Из пресс-конференции беллетриста Р., состоявшейся по случаю вручения ему Виньероновской премии по литературе за … год

В о п р о с. Стоило ли учиться в Дарси, чтобы стать впоследствии литератором?

О т в е т. Я счастлив и горд иметь за плечами поистине бесценный багаж знаний, приобретенный в этом старейшем храме человеческой премудрости. Даже литературному чемпиону года нелегко передать словами чувства благодарности, охватывающие его в отдельных случаях. Именно такие чувства я испытываю по отношению к профессорам Дарси, и я думаю, что в этом я не одинок.


* * *

В детстве я мечтал стать футболистом.

Я грезил этим во сне и наяву. Видел себя мягко выбегающим на зеленый газон под нечленораздельное, но мелодически правильное завывание трибун, когда субботним вечером стадион — словно огромная чаша, освещенная прожекторами и медленно остывающая после дневного зноя.

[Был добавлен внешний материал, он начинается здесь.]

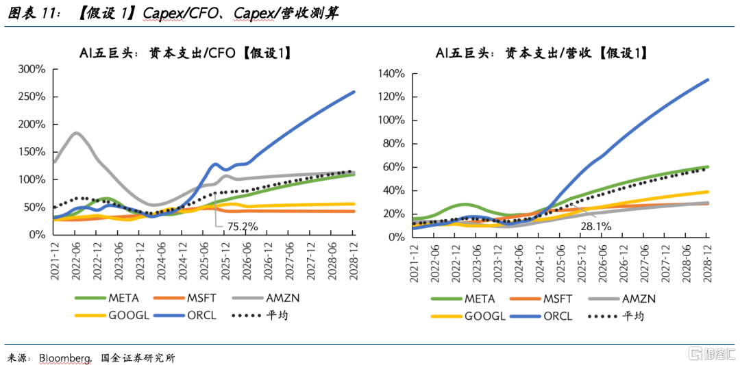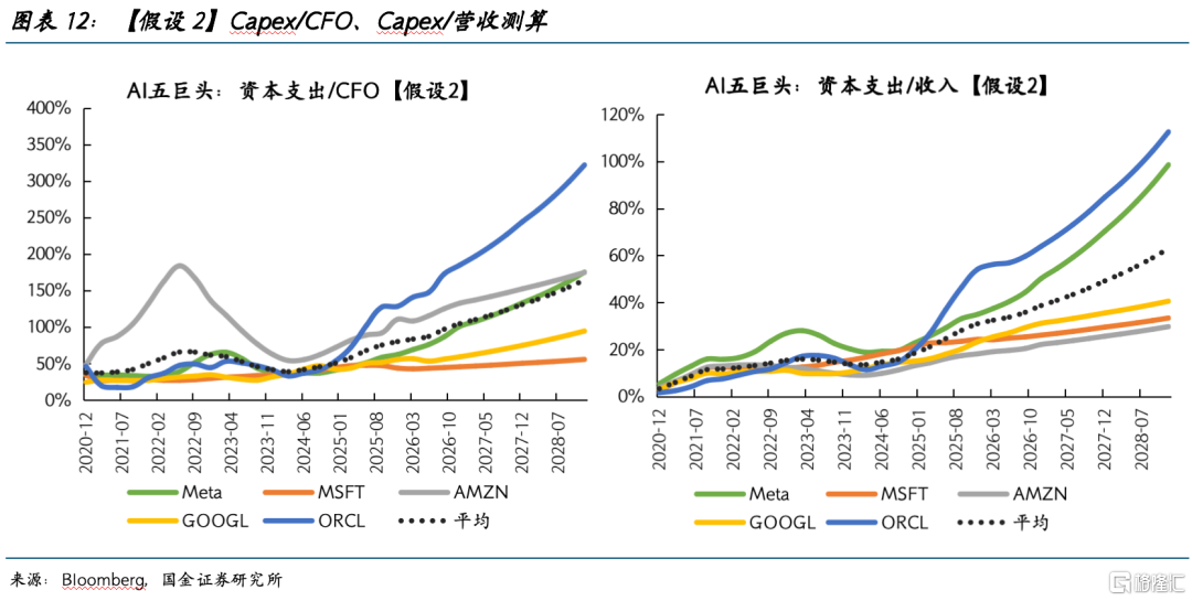 【假设2】将AI五巨头的资本开支以市场预期中值的2025-2028年复合增速(CAGR)计算,营业收入、净利润基于彭博一致预期,并保持经营性现金流与净利润的趋势比例不变:到2026年三季度,AI五巨头平均Capex/CFO将达到96.9%,即英特尔在泡沫破裂后的峰值;到2026年四季度,AI五巨头平均Capex/营收将达到38.7%,逼近英特尔在泡沫破裂后的峰值。
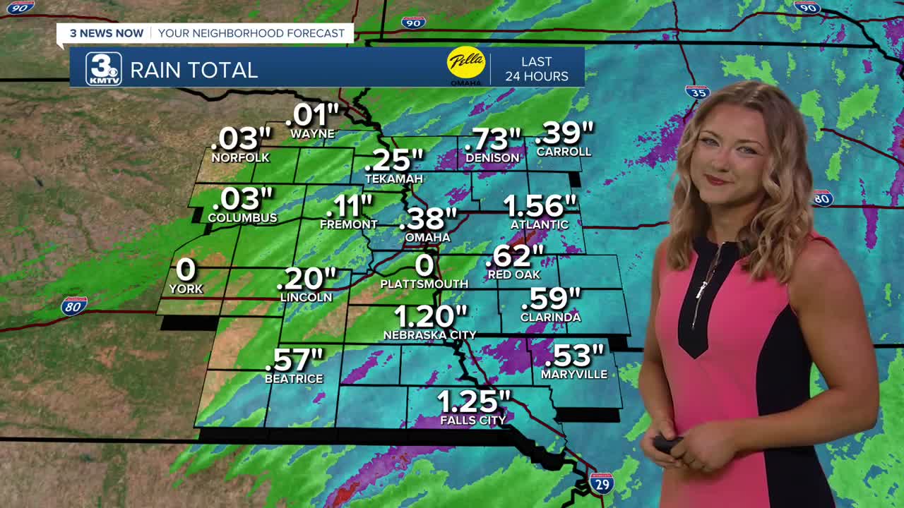 Sunday carries the more likely chance for rain and storms, with rain probabilities becoming likely be the afternoon and evening. A few stronger storms may be possible, mainly south of Omaha.
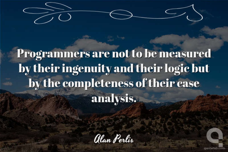 Programmers are not to be measured by their ingenuity and their logic but by the completeness of their case analysis. Alan Perlis

Я учился в одном классе с Тони Мираньей, и мы вместе начинали футбольную карьеру на Юниорском стадионе в Сосновом бору. Только его карьера состоялась, а моя — нет.

Природа одарила Тони щедро. Он быстрее всех в классе бегал, выше всех прыгал, дальше всех метал мяч. И любил он физические упражнения, особенно, конечно, футбол. Не скажу, чтобы он так уж выкладывался на официальных тренировках, но без мяча его видели редко. Даже на переменках — покурит быстренько, а потом возится с мячом в школьном саду. Он и курить начал едва ли не раньше всех в классе, но ему это почему-то не вредило.

Тони стал бы великим игроком в любом амплуа, но тренеры еще в детской лиге сделали его центральным защитником. Статный, рассудительный, он очень колоритно смотрелся на поле, прямой вытянутой рукой руководил партнерами, длинным, хорошо выверенным пасом начинал контратаки. Таким его видели впоследствии на стадионах всего мира.

У меня данные были поскромнее, да и тренироваться я не очень любил. Мне больше нравилось мечтать о футбольной карьере, что может и неплохо — здоровое честолюбие. Может дело не в усердии; может, просто, кому-то суждено, а кому-то нет. Раз уж к слову пришлось: каких только грехов не водилось за Кохановером (тоже, кстати, мой одноклассник), но ведь талантище!

Сосновый бор никогда не слыл кузницей футбольных талантов (Тони Миранья — яркое исключение), но даже по меркам этого — наиболее аристократического — района Армангфора моя семья относилась к высшему обществу, и в глазах тренеров на Юниорском стадионе я был прежде всего сыном господина Р. Поэтому смотрелся я на тренировках как аристократ, пришедший на дерби делать ставки: жокеи ему вежливо кланяются, однако своим не считают и в тайны профессии посвящают неохотно.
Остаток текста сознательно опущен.